ACTIVITY
In the material below, some lines may hold the word "this"; state how many do, giving only the number.

RECORDS FOR THE TASK

※ ※ ※

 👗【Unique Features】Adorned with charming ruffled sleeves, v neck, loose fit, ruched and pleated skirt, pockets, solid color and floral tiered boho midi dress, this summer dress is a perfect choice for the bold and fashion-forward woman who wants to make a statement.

※ ※ ※

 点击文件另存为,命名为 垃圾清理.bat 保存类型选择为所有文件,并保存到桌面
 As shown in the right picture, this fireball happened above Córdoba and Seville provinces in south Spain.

※ ※ ※

EXERCISE SOLUTION
2